Financial Times: The great ‘national interest’ fallacy

[From 14 Feb 2006 – maybe I will comment later on] 

Thaksin Shinawatra, Thailand’s billionaire prime minister, and Thierry Breton, France’s finance minister, might seem to have little in common, other than previous careers as successful corporate executives. But they share one conviction: that the interests of companies and countries are basically identical. Both are seriously mistaken. 

The main difference between them is that they start from opposite ends of the argument. Mr Thaksin took office vowing to run his country like a company, leading voters to hope he would enrich them as well. Mr Breton thinks countries – or rather their governments – should decide who runs large companies. 

Mr Thaksin’s beliefs have already been exposed as shaky. Not only has he been an indifferent economic manager; he faces accusations that the recent $1.9bn (£1.1bn) sale of his family’s stake in Thailand’s biggest mobile telephone company was made in murky circumstances that put personal gain before national interest. 

Mr Thaksin denies the allegations, saying the sale allowed him to focus on running the country undistracted by criticism that he was using his influence to benefit the family business. But his defence betrays a curious concept of national interest. Witness his lawyer’s protestations that pure “patriotism” led his children to buy 11 per cent of the company at Bt1 (1.5 pence) a share, only to sell it days later at a 4,900 per cent profit to Temasek, a Singaporean state group. If that is patriotism, I am a Thai noodle. 

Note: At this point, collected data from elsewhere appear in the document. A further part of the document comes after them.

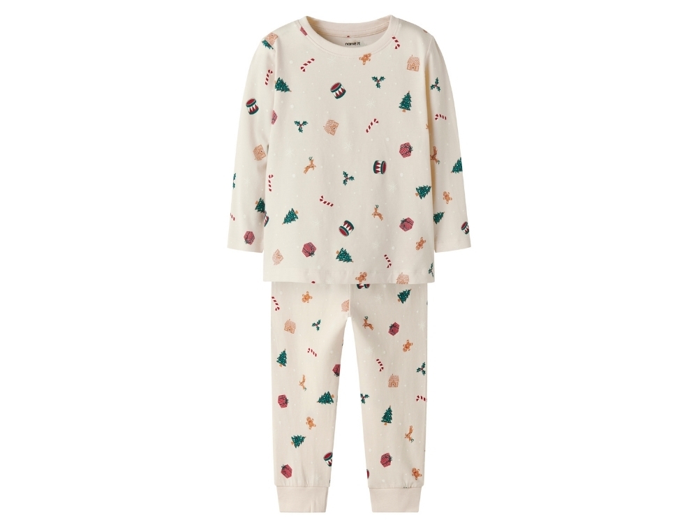 Pyjamas i råhvid nuance (whitecap gray) fra Name It med all-over juleprint af rensdyr, trommer, juletræer og kagemænd.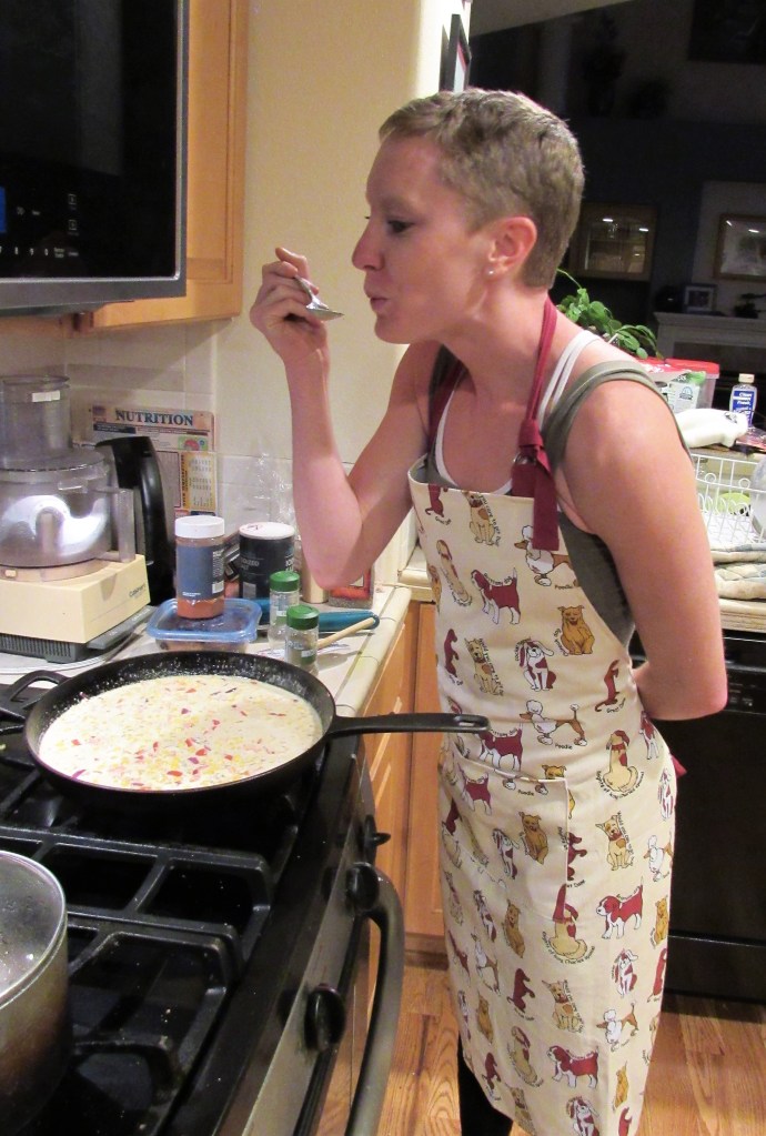 Elizabeth is tasting the final product to make sure all the seasonings and flavors are just right before we serve it over our tuna steaks.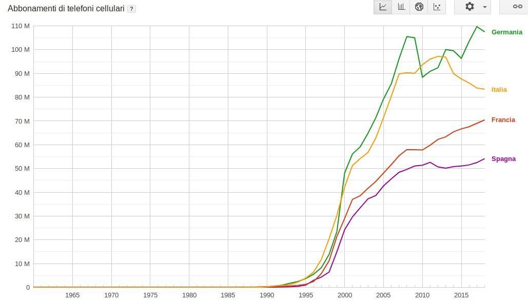 In quanto a cellulari, come vedete, siamo stati anche primi in termini assoluti intorno al 2010, nonostante la Germania abbia quasi 84 milioni di abitanti. Scemi si, ma connessi in maniera atroce.

Nobody accuses Mr Breton of using high office to feather his own nest. But his attempts to repel the hostile bid by Mittal Steel, the world industry leader, for Arcelor, its largest European rival, by proclaiming himself a “stakeholder” in Arcelor are rooted in the same fundamental misconception as Mr Thaksin’s political philosophy. 

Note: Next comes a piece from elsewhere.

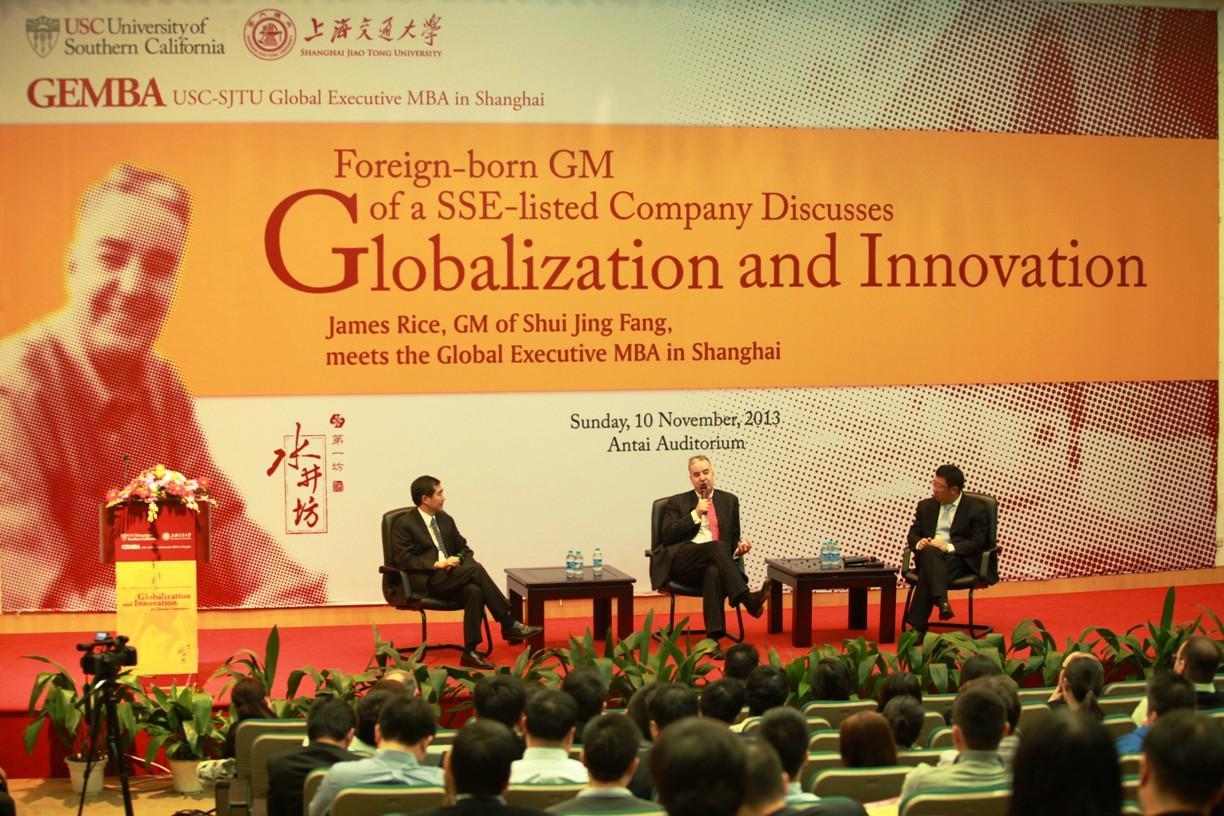 上海交通大學(xué)—美國南加州大學(xué)全球EMBA項目(GEMBA),自2003年獲得國家教育部批準(zhǔn)以來,致力于為中國市場培養(yǎng)具有全球領(lǐng)導(dǎo)力的高級管理精英。 至今已有27個國家和地區(qū)的高級管理人員參加過項目課程,GEMBA是名符其實的全球化EMBA項目。此次Jim Rice大米的演講活動是GEMBA項目舉辦的“中國企業(yè):全球化與創(chuàng)新”系列演講的活動之一,此前還曾邀請到一號店運營總監(jiān)Jonathan Wang王嘉豪先生作為演講嘉賓,此類活動通過國際化企業(yè)高層與學(xué)員、校友的交流,帶來不同企業(yè)管理經(jīng)驗的分享與碰撞,為 GEMBA 項目培養(yǎng)更多未來外資、合資企業(yè)的領(lǐng)導(dǎo)者提供良好的平臺與視野。

There are many differences between government and business. But the most crucial is that government alone has the power to coerce. Prime ministers are uniquely placed to get the rules changed to suit their own purposes, as Silvio Berlusconi – another tycoon-politician, with uncanny similarities to Mr Thaksin – has demonstrated repeatedly in Italy. 

By the same token, Mr Breton’s novel re-definition of corporate governance principles would not make him a “stakeholder” in any accepted business sense. It would, instead, give him the right to override all other parties, not least Arcelor’s legal owners. The logic of his argument would entitle him to impose on the company, in the name of national interest, whatever he and his fellow ministers chose. 

Arbitrary and opportunistic official intervention in defence of vested interests of any kind distorts markets. It is also bad for the state. By aligning politicians selectively in support of producers, it blurs the vital distinction between players and referee. Governments cannot effectively discharge their duty to set and enforce the rules of the game if they are also taking part in it. 

There are, nonetheless, rare circumstances when intervention can be justified. One is a genuine threat to national security. A takeover by Gazprom, the Russian energy group, of Centrica, a leading UK gas company, would be such a case. Gazprom is a thinly veiled arm of the Kremlin and its readiness to put an abrupt stop to gas supplies to Russia’s less pliant neighbours raises serious questions about its commercial independence and reliability. 

No such caveat applies to Mittal or Arcelor. Nor did the US Congress’s decision last year to pre-empt national security vetting procedures and block the bid by China’s CNOOC for Unocal pass the test. CNOOC is state-owned and has a mandate to promote China’s energy security. But ownership of Unocal would have given it control over a tiny fraction of US oil supplies, which could have been easily replaced from elsewhere. 

That display of chauvinism was, like France’s – and other European countries’ – opposition to the Mittal bid, a response to fear of foreigners and to special pleading by the target company. But they lack even the figleaf of an excuse that a Mittal takeover of Arcelor could lead to domination of strategic national interests by a foreign power. 

Indeed, Mittal is as close to being stateless as a company can be. With a worldwide spread of assets, stock exchange listings in three countries, an Indian-born chairman based in London and a multinational staff, it symbolises global competition in its purest form. That – and anxiety that Mittal’s ruthless dedication to raising operating efficiency would lead to short-term job losses that an unpopular government can ill afford – is what really has the French establishment up in arms. 

No such scruples, of course, deterred Mr Thaksin’s family from selling out to a foreign bidder, and a state-owned one at that. The French government lays claim to loftier motives in its defence. But its real agenda, and its attempts to dress up self-interest as high-flown principle, are no less self-serving.

One response to “Financial Times: The great ‘national interest’ fallacy

  1. Welcome to blogging, Naphat.

    I don’t think you want to get me started on FT and their coverage of Thailand. It does at least remind me that I should critique one of their articles sometime.